[Stored dataset items]
---------------

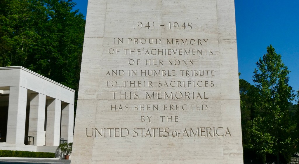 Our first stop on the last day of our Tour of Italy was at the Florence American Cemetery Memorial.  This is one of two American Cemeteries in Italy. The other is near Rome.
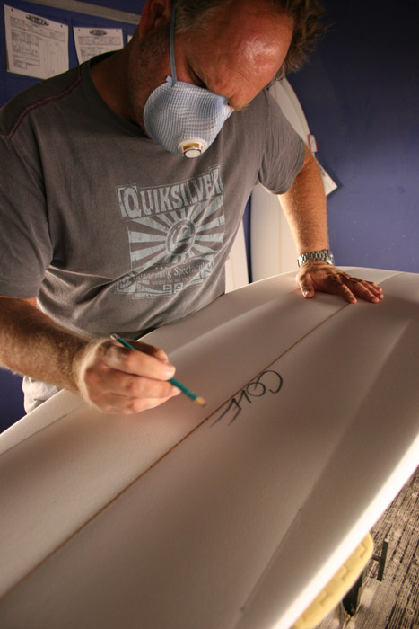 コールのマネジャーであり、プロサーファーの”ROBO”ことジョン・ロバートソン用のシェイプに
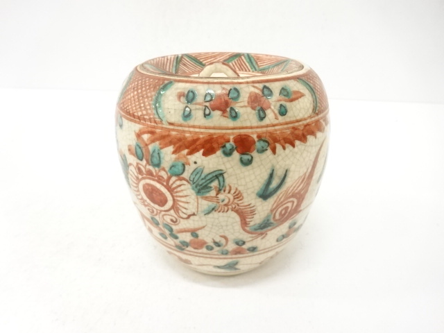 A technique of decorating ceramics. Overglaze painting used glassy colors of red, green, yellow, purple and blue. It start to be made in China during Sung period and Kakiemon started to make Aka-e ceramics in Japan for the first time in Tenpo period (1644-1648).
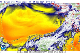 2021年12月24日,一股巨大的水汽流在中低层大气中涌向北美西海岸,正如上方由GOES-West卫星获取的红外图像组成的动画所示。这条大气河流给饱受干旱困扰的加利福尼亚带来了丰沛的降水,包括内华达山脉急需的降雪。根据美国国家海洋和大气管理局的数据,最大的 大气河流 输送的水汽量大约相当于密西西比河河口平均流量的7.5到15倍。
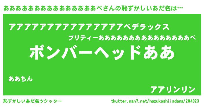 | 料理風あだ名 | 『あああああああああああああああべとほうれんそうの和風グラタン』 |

---------------

### Work required:
Retype every record as it stands. None of the pictures should appear.

### Written response:
 Our first stop on the last day of our Tour of Italy was at the Florence American Cemetery Memorial.  This is one of two American Cemeteries in Italy. The other is near Rome.
 コールのマネジャーであり、プロサーファーの”ROBO”ことジョン・ロバートソン用のシェイプに
 A technique of decorating ceramics. Overglaze painting used glassy colors of red, green, yellow, purple and blue. It start to be made in China during Sung period and Kakiemon started to make Aka-e ceramics in Japan for the first time in Tenpo period (1644-1648).
 2021年12月24日,一股巨大的水汽流在中低层大气中涌向北美西海岸,正如上方由GOES-West卫星获取的红外图像组成的动画所示。这条大气河流给饱受干旱困扰的加利福尼亚带来了丰沛的降水,包括内华达山脉急需的降雪。根据美国国家海洋和大气管理局的数据,最大的 大气河流 输送的水汽量大约相当于密西西比河河口平均流量的7.5到15倍。
 | 料理風あだ名 | 『あああああああああああああああべとほうれんそうの和風グラタン』 |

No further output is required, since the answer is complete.